Distribution of \(N_{10}(\mathbb {R}), N_{50}(\mathbb {R})\) and \(N_{200}(\mathbb {R})\), when \(F_{1}, F_{2}\), and \(F_{3}\) are LN(0, 1)

Fig. 3
figure 3

Distribution of \(N_{10}(\mathbb {R}), N_{50}(\mathbb {R})\) and \(N_{200}(\mathbb {R})\), when \(F_{1}, F_{2}\), and \(F_{3}\) are C(0, 1)

Although, the theorems of the previous subsections are based on the assumption that \(F_{1}, F_{2}\), and \(F_{3}\) are continuous distributions; it is curious to see how the distribution of \(N_{2(n+1)}(\mathbb {R})\) is modified, if instead, we assume that the coefficients are discrete random variables (Figs. 4 and 5).

Fig. 4
figure 4

Distribution of \(N_{10}(\mathbb {R}), N_{50}(\mathbb {R})\) and \(N_{200}(\mathbb {R})\), when \(F_{1}, F_{2}\), and \(F_{3}\) are \(\textit{Ber}(\frac{1}{2})\)

Fig. 5
figure 5

Distribution of \(N_{10}(\mathbb {R}), N_{50}(\mathbb {R})\) and \(N_{200}(\mathbb {R})\), when \(F_{1}, F_{2}\), and \(F_{3}\) are \(\textit{Poi}(1)\)

As n becomes larger, the distribution \(N_{2(n+1)}(\mathbb {R})\) can be approximated by normal distribution more accurately. Hence, unlike the distribution \(N_{10}(\mathbb {R})\) and \(N_{50}(\mathbb {R})\), which are skewed, the distribution of \(N_{200}(\mathbb {R})\) is symmetric and bell-shaped. For each simulation study, 10,000 samples are generated to compute the respective histogram.

3.5 Discussion and Concluding Remarks

The results derived in this article are based on the assumption that the coefficients are continuous random variables. It is curious to see how are they modified if instead, we assume that the coefficients are general random variables. The exact distribution of \(\frac{N_{2(n+1)}(\mathbb {R})}{2}\) remains unchanged if roots are counted including the multiplicity. However, if roots are counted excluding multiplicity, in that case, \(N_{2(n+1)}(\mathbb {R})\) follows a distribution that is the \((n+1)\)-fold convolution of a 3-point discrete distribution supported on \(\{0,1,2\}\) of which Bernoulli is a special case.
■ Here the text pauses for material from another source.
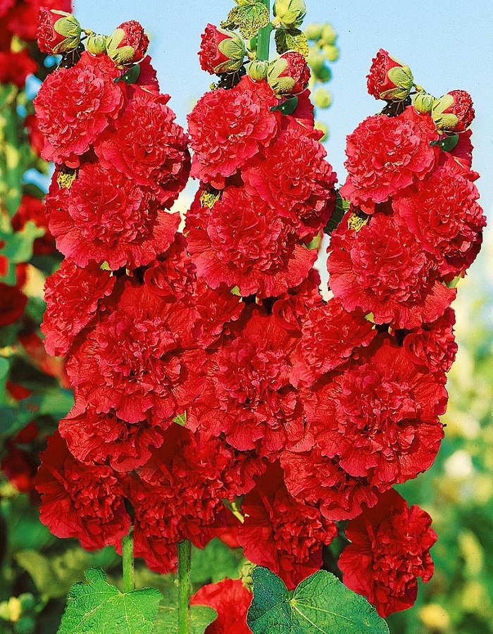 Крупная ,яркая. Многолетнее растение, выращиваемое как двухлетнее, высотой до 2,5 м. Соцветия крупные, кистевидные. Цветки махровые, диаметром 8-12 см. Растение светолюбивое и засухоустойчивое. Используют для посадки в группах, миксбордерах, для декорирования изгородей и на срезку. На зиму желательно укрывать лапником.

Another question that arises naturally is whether the results derived in this article can be extended to some higher degree random polynomials of the same structure. A theorem similar to Theorem 1 can be stated for \(F_{3(n+1)}(x) =\left( A_{1}+A_{2} x+A_{3} x^{2}+A_{4} x^{3}\right) \cdots \left( A_{4n+1}+A_{4n+2} x+A_{4n+3} x^{2} + A_{4n+4} x^{3}\right)\) and one can show that \(\frac{N_{3(n+1)}(\mathbb {R}) - (n+1)}{2} \sim {\text {Bin}}\left( n+1, P\left( 4(A_{3}^{2} - 3A_{2}A_{4})^{3} - (2A_{3}^{3} - 9 A_{2}A_{3}A_{4} +27A_{1}A_{4}^{2})^{2}>0\right) \right)\). However, in that case, the binomial success probability is of nontrivial form, rendering an extension of Theorems 2 and 6 difficult. Beyond the third-degree polynomial, the scaled and centered value of the number of real roots is no longer binomially distributed. When k is even, the distribution of \(\frac{N_{k(n+1)}(\mathbb {R})}{2}\) is \((n+1)\)-fold convolution of a \(\frac{k}{2}\)-point discrete distribution supported on \(\{0,1,2,\ldots ,\frac{k}{2}\}\), and when k is odd, the distribution of \(\frac{N_{k(n+1)}(\mathbb {R}) -(n+1)}{2}\) is \((n+1)\)-fold convolution of a \(\frac{k-1}{2}\)-point discrete distribution supported on \(\{0,1,2,\ldots ,\frac{k-1}{2}\}\). Needless to mention for the above-mentined cases an extension of Theorems 2 and 6 seems infeasible.